A survey of five frontier research areas in artificial intelligence, covering continual learning, world models, efficient architecture design, agentic search, and the intersection of randomized algorithms with deep learning.

Scope. These five areas were selected because they concern how AI systems learn over time, model their environment, scale efficiently, seek information autonomously, and draw on classical algorithmic foundations. They span learning dynamics (continual learning, world models), systems and efficiency (architecture design), interactive capability (agentic search), and theoretical grounding (randomized algorithms and signal processing). The survey deliberately leaves out several large, well-covered areas that warrant their own dedicated treatments, including generative modeling (diffusion and autoregressive image and audio generation), RLHF and alignment, and large-scale multimodal pretraining. The goal is depth across a coherent set of frontiers rather than exhaustive breadth across all of contemporary AI.


Table of Contents

Continual Learning of AI

How can neural networks learn continuously from non-stationary data streams without catastrophically forgetting previously acquired knowledge? This chapter surveys the four major families of continual learning methods: regularization-based (EWC, SI, LwF), replay-based (experience replay, GEM, generative replay), architecture-based (progressive networks, PackNet, SupSup), and meta-learning-based (OML, ANML, La-MAML), along with the emerging challenge of continual learning in large language models. The chapter spans roughly three decades of research.

World Models

World models endow AI agents with the ability to simulate their environment internally, enabling planning, imagination, and sample-efficient learning. This chapter traces the evolution from Ha and Schmidhuber's foundational work through the Dreamer series, modern video prediction models, and foundation-scale world models like Genie and GameNGen. We cover applications in robotics (TD-MPC), reasoning (Dynalang, LLM-as-world-model), and reinforcement learning (MuZero, EfficientZero).

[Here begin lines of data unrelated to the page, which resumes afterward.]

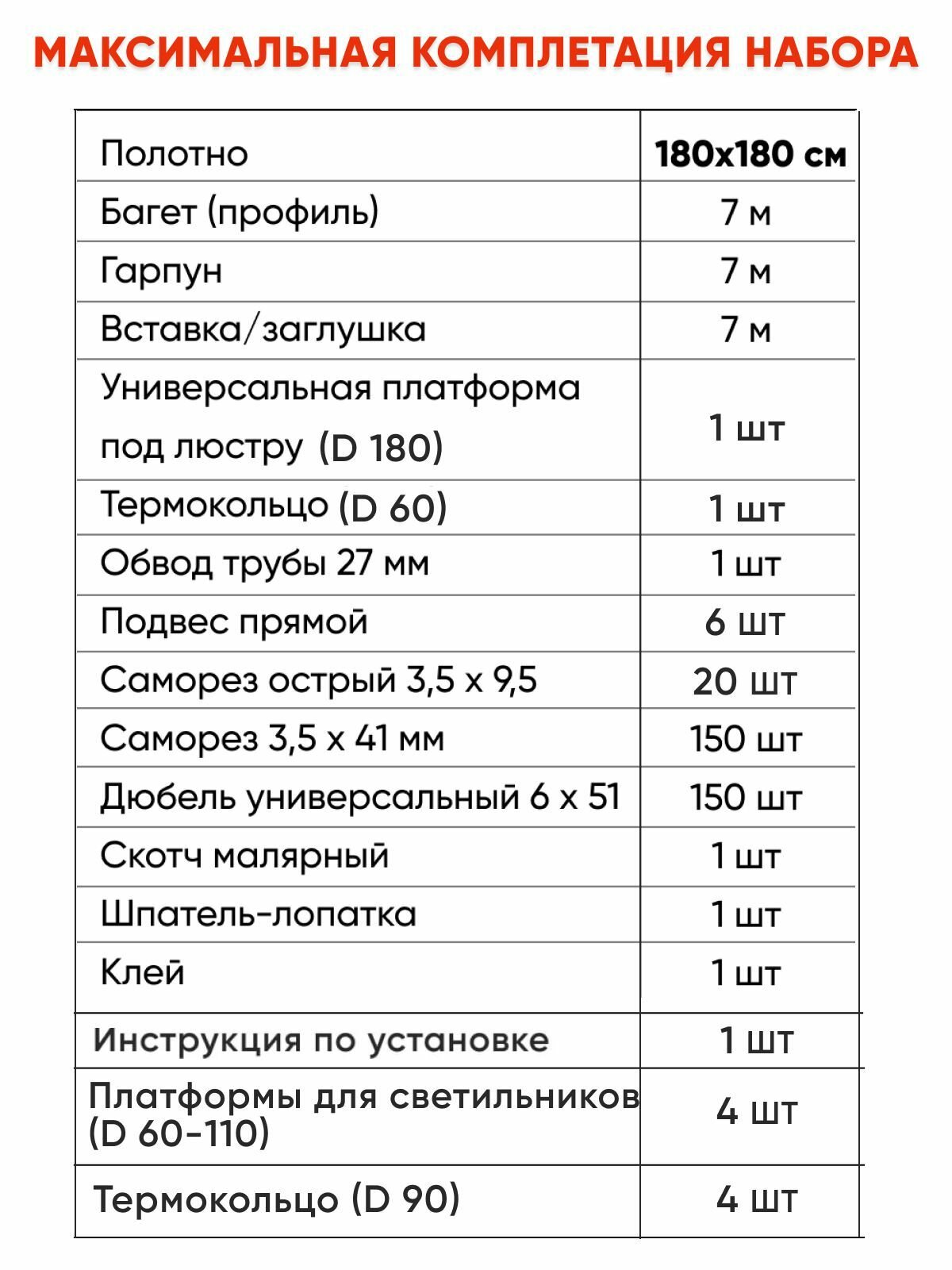 | Подробная комплектация | Полотно- 500x660 см. Багет (профиль) - 23 м. Гарпун - 23 м. Вставка/заглушка - 23 м. Универсальная платформа под люстру (D 180-250) – 1 шт. Термокольцо (D 60) – 1 шт. Обвод трубы 210x1,8 x 27 мм.- 1 шт. Подвес прямой – 2 шт. Саморез острый 3,5 x 9,5- 8 шт. Саморез 3,5 x 41 мм – 150 шт. Дюбель универсальный 6 x 51- 150 шт. Скотч малярный – 1 шт. Шпатель-лопатка – 1 шт. Клей – 1шт. |
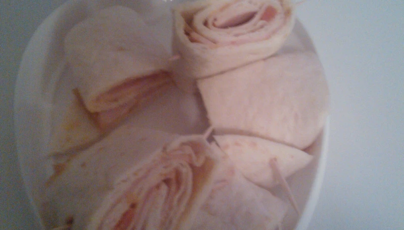 4) Roulez le tout, mettez des piques pour tenir la tortilla.
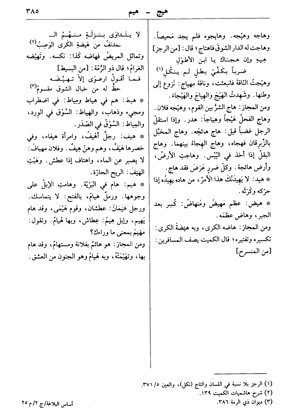 ومن المجاز: هاج الشرّ بين القوم، وهيّجه فلان. وهاج الفحل هيجاً وهياجاً: هدر. وإذا استقلّ الرجل غضباً قيل: هاج هائجه. وهاج المخبّل بالزّبرقان فهجاه، وهاج الهجاء بينهما. وهاج البقل إذا أخذ في اليبس. وهاجت الأرض، وأرض هائجة. وكلّ ضررٍ عرض فقد هاج.
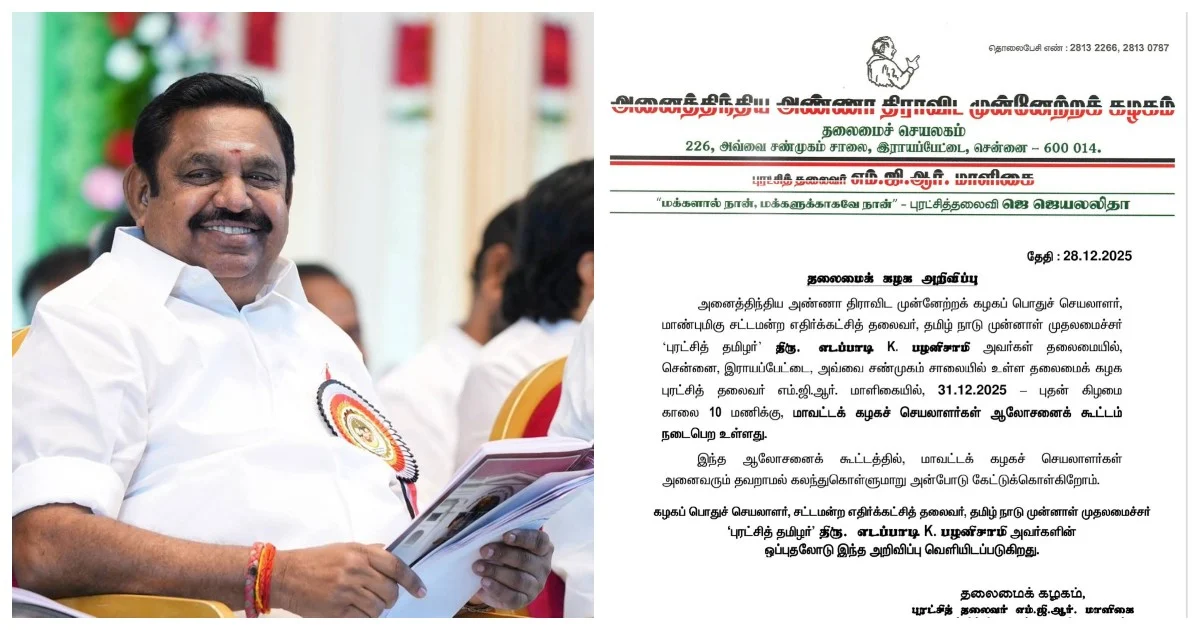 பாஜக கூட்டணியில் தொகுதி பங்கீடு.. டிச.31-ல் அதிமுக மா.செ.க்கள் கூட்டம்!

Efficient Architecture Design of AI

As the computational cost of training and deploying AI models grows unsustainably, efficiency has become a first-class design objective. This chapter provides a comprehensive survey of efficient attention mechanisms (FlashAttention, sparse attention, GQA), Mixture-of-Experts models (Switch Transformer, Mixtral, DeepSeek-MoE), neural architecture search, model compression (GPTQ, AWQ, distillation, pruning), training efficiency (ZeRO, FSDP, mixed precision), inference optimization (speculative decoding, KV-cache compression), and the rapidly evolving family of state space models (S4, Mamba, Jamba, Griffin).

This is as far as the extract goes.